Your assignment: Where does the word "управления" show up in the records? Copy every line that holds it.

Input data:
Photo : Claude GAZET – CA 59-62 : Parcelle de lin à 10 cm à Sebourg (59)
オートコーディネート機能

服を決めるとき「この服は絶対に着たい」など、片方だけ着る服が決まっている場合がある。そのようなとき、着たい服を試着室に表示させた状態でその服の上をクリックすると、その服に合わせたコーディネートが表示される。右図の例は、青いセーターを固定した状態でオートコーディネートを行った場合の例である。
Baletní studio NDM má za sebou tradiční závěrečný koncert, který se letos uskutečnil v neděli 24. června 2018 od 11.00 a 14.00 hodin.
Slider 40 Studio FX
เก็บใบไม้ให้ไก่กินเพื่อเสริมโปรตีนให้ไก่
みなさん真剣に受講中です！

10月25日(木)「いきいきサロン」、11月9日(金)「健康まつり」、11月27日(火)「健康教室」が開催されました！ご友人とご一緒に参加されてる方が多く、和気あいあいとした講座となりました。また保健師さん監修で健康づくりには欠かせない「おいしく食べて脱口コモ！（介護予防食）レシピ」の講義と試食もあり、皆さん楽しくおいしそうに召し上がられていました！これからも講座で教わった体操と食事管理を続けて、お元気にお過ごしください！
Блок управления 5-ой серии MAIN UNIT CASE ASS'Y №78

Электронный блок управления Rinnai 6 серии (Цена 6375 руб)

* * *

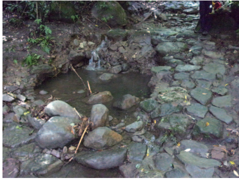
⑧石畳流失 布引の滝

...

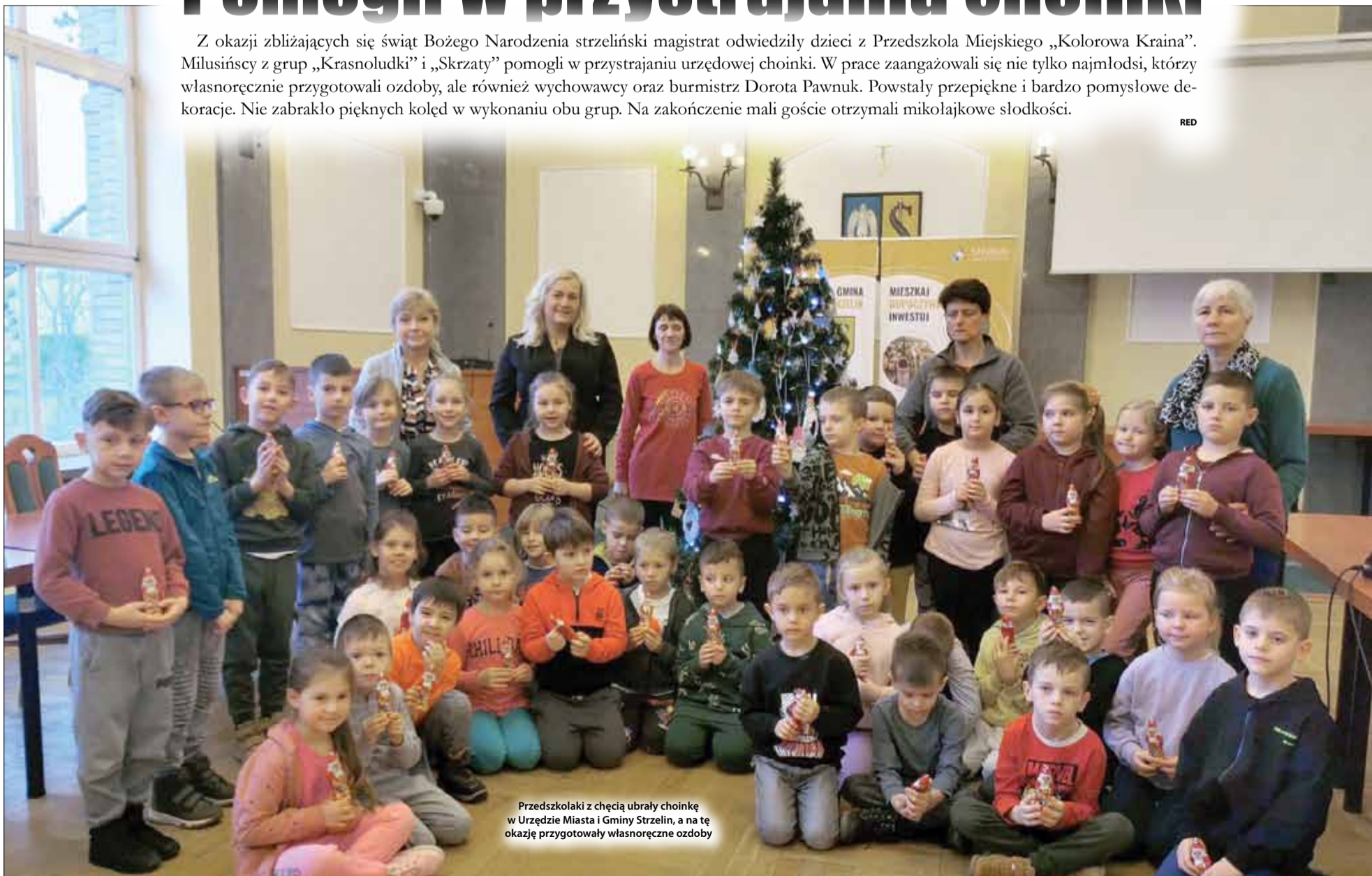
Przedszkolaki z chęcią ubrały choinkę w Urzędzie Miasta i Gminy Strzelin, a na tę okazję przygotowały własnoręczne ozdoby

Answer section:
Блок управления 5-ой серии MAIN UNIT CASE ASS'Y №78
Электронный блок управления Rinnai 6 серии (Цена 6375 руб)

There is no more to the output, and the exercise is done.